The problem there is that we're not talking about a single 3rd party
API/allocator--there's many, including the OS which has its own
internal allocators.  My video encoding example is meant to illustrate
a point, but the real-world use case is where there's allocators all
over the place from all kinds of APIs, and when you want your C module
to reenter the interpreter often to execute python helper code.

 * invest yourself in solving the *entire* problem (GIL removal with
 shared python objects).

Well, as I mentioned, I do represent a company willing an able to
expend real resources here.  However, as you pointed out, there's some
serious work at hand here (sadly--it didn't have to be this way) and
there seems to be some really polarized people here that don't seem as
interested as I am to make python more attractive for app developers
shopping for an interpreter to embed.

From our point of view, there's two other options which unfortunately
seem to be the only out the more we seem to uncover with this
discussion:

3) Start a new python implementation, let's call it CPythonES,
specifically targeting performance apps and uses an explicit object/
context concept to permit the free threading under discussion here.
The idea would be to just implement the core language, feature set,
and a handful of modules.  I refer you to that list I made earlier of
essential modules.

4) Drop python, switch to Lua.

The interesting thing about (3) is that it'd be in the same spirit as
how OpenGL ES came to be (except in place of the need for free
threading was the fact the standard OpenGL API was too overgrown and
painful for the embedded scale).

We're currently our own in-house version of (3), but we unfortunately
have other priorities at the moment that would otherwise slow this
down.  Given the direction of many-core machines these days, option
(3) or (4), for us, isn't a question of *if*, it's a question of
*when*.  So that's basically where we're at right now.

As to my earlier point about representing a company ready to spend
real resources, please email me off-list if anyone here would have an
interest in an open CPythonES project (and get full compensation).
I can say for sure that we'd be able to lead with API framework design
work--that's my personal strength and we have a lot of real world
experience there.

Andy


--
http://mail.python.org/mailman/listinfo/python-list


Re: 2.6, 3.0, and truly independent intepreters

2008-10-30 Thread Andy O'Meara
On Oct 28, 6:11 pm, Martin v. Löwis [EMAIL PROTECTED] wrote:
  Because then we're back into the GIL not permitting threads efficient
  core use on CPU bound scripts running on other threads (when they
  otherwise could).

 Why do you think so?

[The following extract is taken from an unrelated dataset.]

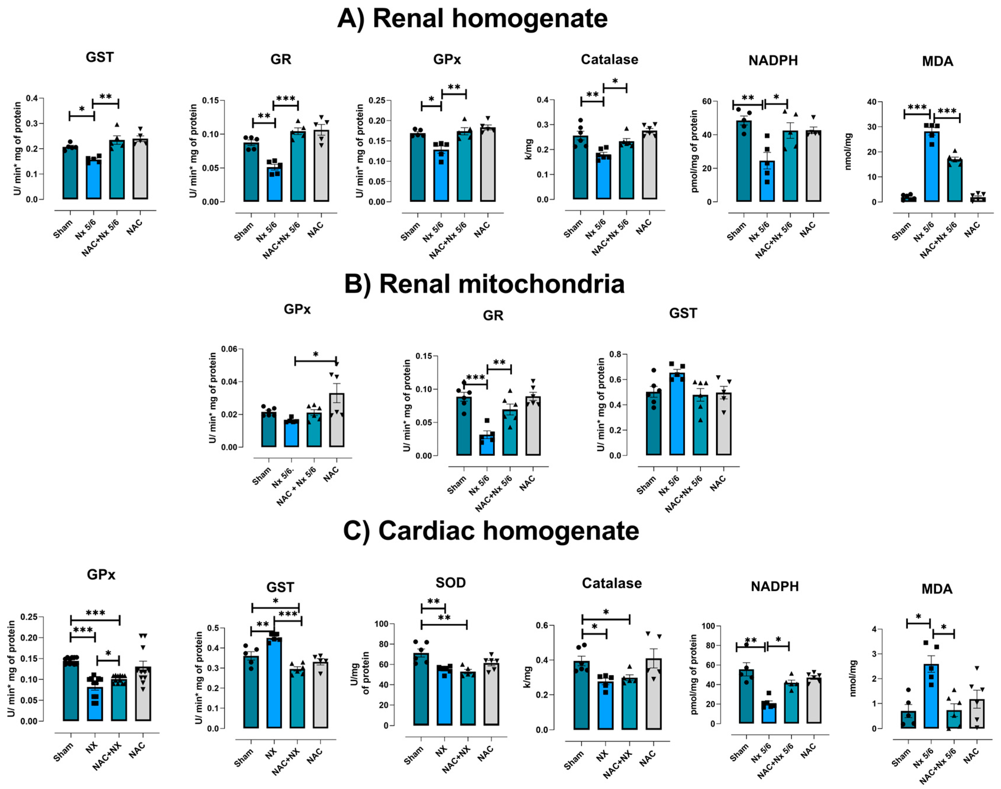 APA StylePeralta-Buendía, K., Cuevas-López, B., García-Arroyo, F. E., Díaz-Rojas, M., León-Contreras, J. C., Silva-Palacios, A., Gonzaga, G., Tapia, E., Saavedra, E., Hernández-Pando, R., Pedraza-Chaverri, J., Sánchez-Lozada, L. G., & Aparicio-Trejo, O. E. (2025). Early Administration of N-Acetylcysteine Provides Renal and Cardiac Mitochondrial and Redox Protection, Preventing the Development of Cardio-Renal Syndrome Type IV Induced by 5/6NX. Antioxidants, 14(10), 1241. https://doi.org/10.3390/antiox14101241

For C code that is carefully written, the GIL
 allows *very well* to write CPU bound scripts running on other threads.
 (please do get back to Jesse's original remark in case you have lost
 the thread :-)


I don't follow you there.  If you're referring to multiprocessing, our
concerns are:

- Maturity (am I willing to tell my partners and employees that I'm
betting our future on a brand-new module that imposes significant
restrictions as to how our app operates?)
- Liability (am I ready to invest our resources into lots of new
python module-specific code to find out that a platform that we want
to target isn't supported or has problems?).  Like it not, we're a
company and we have to show sensitivity about new or fringe packages
that make our codebase less agile -- C/C++ continues to win the day in
that department.
- Shared memory -- for the reasons listed in my other posts, IPC or a
shared/mapped memory region doesn't work for our situation (and I
venture to say, for many real world situations otherwise you'd see end-
user/common apps use forking more often than threading).

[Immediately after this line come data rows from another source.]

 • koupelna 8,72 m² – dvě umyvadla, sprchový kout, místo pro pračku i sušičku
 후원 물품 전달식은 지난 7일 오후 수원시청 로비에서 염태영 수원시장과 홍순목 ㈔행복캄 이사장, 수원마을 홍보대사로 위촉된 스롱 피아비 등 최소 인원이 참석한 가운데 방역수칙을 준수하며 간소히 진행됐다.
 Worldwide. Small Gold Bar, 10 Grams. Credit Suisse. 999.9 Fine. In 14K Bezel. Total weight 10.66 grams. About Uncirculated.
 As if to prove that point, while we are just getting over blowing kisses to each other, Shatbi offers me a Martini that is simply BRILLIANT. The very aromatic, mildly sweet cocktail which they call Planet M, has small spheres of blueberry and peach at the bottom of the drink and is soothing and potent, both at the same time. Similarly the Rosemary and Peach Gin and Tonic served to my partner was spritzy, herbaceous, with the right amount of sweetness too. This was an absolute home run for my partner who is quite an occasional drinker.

  It's turns out that this isn't an exotic case
  at all: there's a *ton* of utility gained by making calls back into
  the interpreter. The best example is that since code more easily
  maintained in python than in C, a lot of the module utility code is
  likely to be in python.

 You should really reconsider writing performance-critical code in
 Python.

I don't follow you there...  Performance-critical code in Python??
Suppose you're doing pixel-level filters on images or video, or
Patrick needs to apply a DSP to some audio...  Our app's performance
would *tank*, in a MAJOR way (that, and/or background tasks would take
100x+ longer to do their work).

 Regardless of the issue under discussion, a lot of performance
 can be gained by using flattened data structures, less pointer,
 less reference counting, less objects, and so on - in the inner loops
 of the computation. You didn't reveal what *specific* computation you
 perform, so it's difficult to give specific advise.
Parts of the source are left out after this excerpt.